- TASK DETAILS -
Repeat the data below exactly, dropping any pictures it holds.

- DATA SEGMENT -
..............................

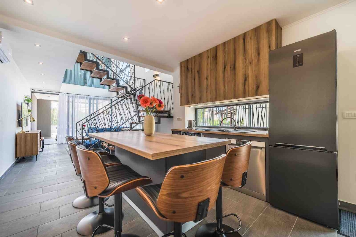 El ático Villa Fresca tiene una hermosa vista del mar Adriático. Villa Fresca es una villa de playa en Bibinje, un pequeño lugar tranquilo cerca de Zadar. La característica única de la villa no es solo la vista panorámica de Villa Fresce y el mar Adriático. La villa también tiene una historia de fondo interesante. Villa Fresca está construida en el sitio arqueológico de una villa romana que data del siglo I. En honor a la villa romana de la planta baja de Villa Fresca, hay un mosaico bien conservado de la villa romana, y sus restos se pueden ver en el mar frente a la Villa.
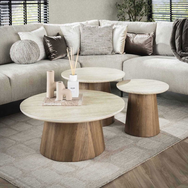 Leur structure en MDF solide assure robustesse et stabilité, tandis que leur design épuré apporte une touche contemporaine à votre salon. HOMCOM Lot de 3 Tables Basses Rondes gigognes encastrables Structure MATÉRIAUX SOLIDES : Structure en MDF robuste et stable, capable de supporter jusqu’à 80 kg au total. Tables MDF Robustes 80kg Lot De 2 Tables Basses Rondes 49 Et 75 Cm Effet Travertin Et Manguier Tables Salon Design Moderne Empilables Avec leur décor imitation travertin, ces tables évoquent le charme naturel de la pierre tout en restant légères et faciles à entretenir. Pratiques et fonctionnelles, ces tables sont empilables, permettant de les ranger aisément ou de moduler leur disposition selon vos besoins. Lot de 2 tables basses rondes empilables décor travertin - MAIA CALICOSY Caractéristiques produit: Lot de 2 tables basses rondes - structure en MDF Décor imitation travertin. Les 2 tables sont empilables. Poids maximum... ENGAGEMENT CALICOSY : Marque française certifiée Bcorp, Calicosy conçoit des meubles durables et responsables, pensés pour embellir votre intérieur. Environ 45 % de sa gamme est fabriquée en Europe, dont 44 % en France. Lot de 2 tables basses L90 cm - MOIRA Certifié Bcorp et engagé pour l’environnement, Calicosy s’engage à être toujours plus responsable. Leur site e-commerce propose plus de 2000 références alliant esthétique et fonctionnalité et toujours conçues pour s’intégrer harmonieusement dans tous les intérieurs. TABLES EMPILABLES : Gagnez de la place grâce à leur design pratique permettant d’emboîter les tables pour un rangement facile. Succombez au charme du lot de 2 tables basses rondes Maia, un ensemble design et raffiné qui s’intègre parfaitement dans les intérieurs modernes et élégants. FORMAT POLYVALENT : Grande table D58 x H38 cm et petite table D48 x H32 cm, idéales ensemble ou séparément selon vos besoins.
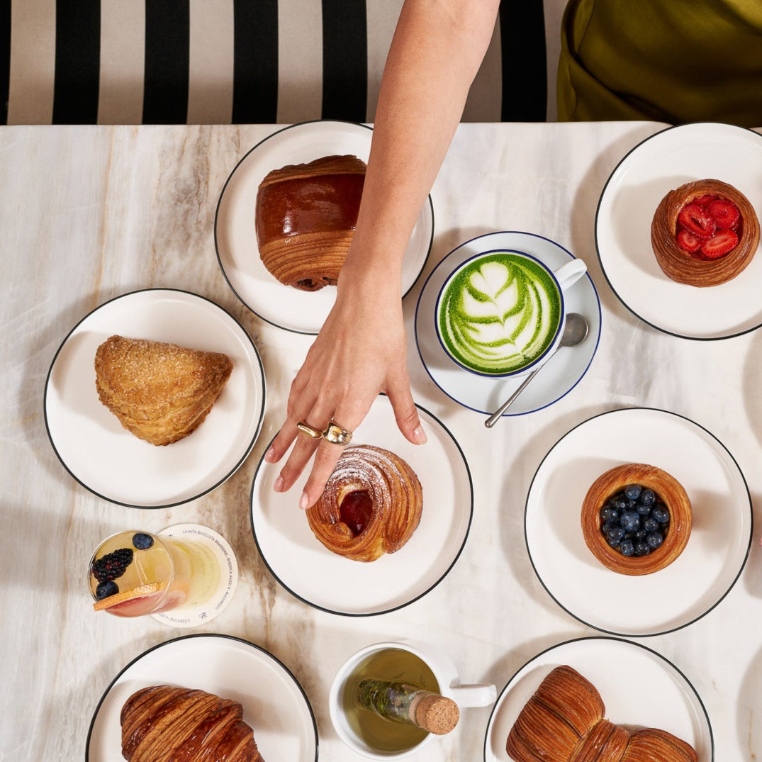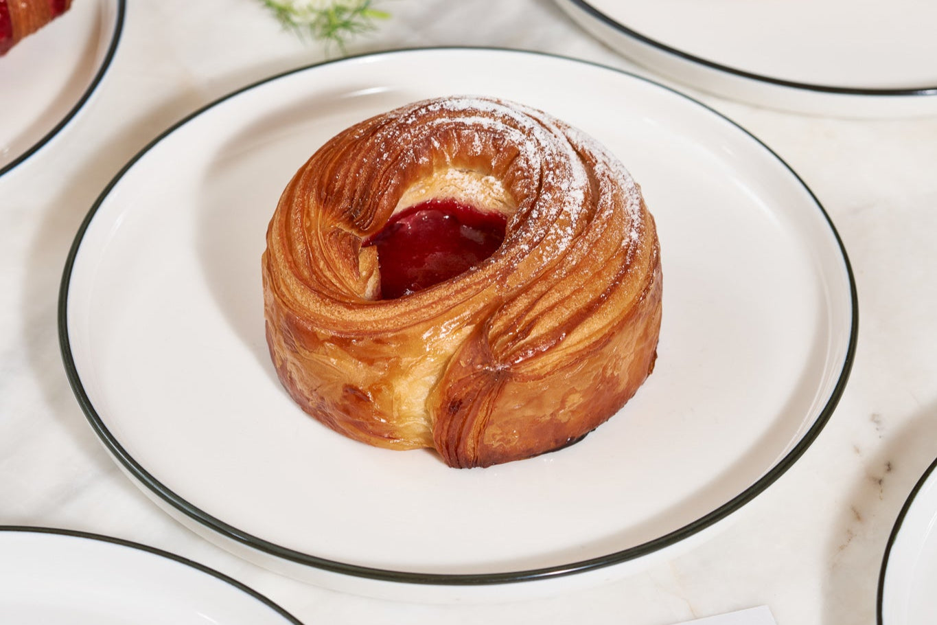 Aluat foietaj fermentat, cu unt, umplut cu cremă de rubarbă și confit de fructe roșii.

..............................

- REPLY -
 El ático Villa Fresca tiene una hermosa vista del mar Adriático. Villa Fresca es una villa de playa en Bibinje, un pequeño lugar tranquilo cerca de Zadar. La característica única de la villa no es solo la vista panorámica de Villa Fresce y el mar Adriático. La villa también tiene una historia de fondo interesante. Villa Fresca está construida en el sitio arqueológico de una villa romana que data del siglo I. En honor a la villa romana de la planta baja de Villa Fresca, hay un mosaico bien conservado de la villa romana, y sus restos se pueden ver en el mar frente a la Villa.
 Leur structure en MDF solide assure robustesse et stabilité, tandis que leur design épuré apporte une touche contemporaine à votre salon. HOMCOM Lot de 3 Tables Basses Rondes gigognes encastrables Structure MATÉRIAUX SOLIDES : Structure en MDF robuste et stable, capable de supporter jusqu’à 80 kg au total. Tables MDF Robustes 80kg Lot De 2 Tables Basses Rondes 49 Et 75 Cm Effet Travertin Et Manguier Tables Salon Design Moderne Empilables Avec leur décor imitation travertin, ces tables évoquent le charme naturel de la pierre tout en restant légères et faciles à entretenir. Pratiques et fonctionnelles, ces tables sont empilables, permettant de les ranger aisément ou de moduler leur disposition selon vos besoins. Lot de 2 tables basses rondes empilables décor travertin - MAIA CALICOSY Caractéristiques produit: Lot de 2 tables basses rondes - structure en MDF Décor imitation travertin. Les 2 tables sont empilables. Poids maximum... ENGAGEMENT CALICOSY : Marque française certifiée Bcorp, Calicosy conçoit des meubles durables et responsables, pensés pour embellir votre intérieur. Environ 45 % de sa gamme est fabriquée en Europe, dont 44 % en France. Lot de 2 tables basses L90 cm - MOIRA Certifié Bcorp et engagé pour l’environnement, Calicosy s’engage à être toujours plus responsable. Leur site e-commerce propose plus de 2000 références alliant esthétique et fonctionnalité et toujours conçues pour s’intégrer harmonieusement dans tous les intérieurs. TABLES EMPILABLES : Gagnez de la place grâce à leur design pratique permettant d’emboîter les tables pour un rangement facile. Succombez au charme du lot de 2 tables basses rondes Maia, un ensemble design et raffiné qui s’intègre parfaitement dans les intérieurs modernes et élégants. FORMAT POLYVALENT : Grande table D58 x H38 cm et petite table D48 x H32 cm, idéales ensemble ou séparément selon vos besoins.
 Aluat foietaj fermentat, cu unt, umplut cu cremă de rubarbă și confit de fructe roșii.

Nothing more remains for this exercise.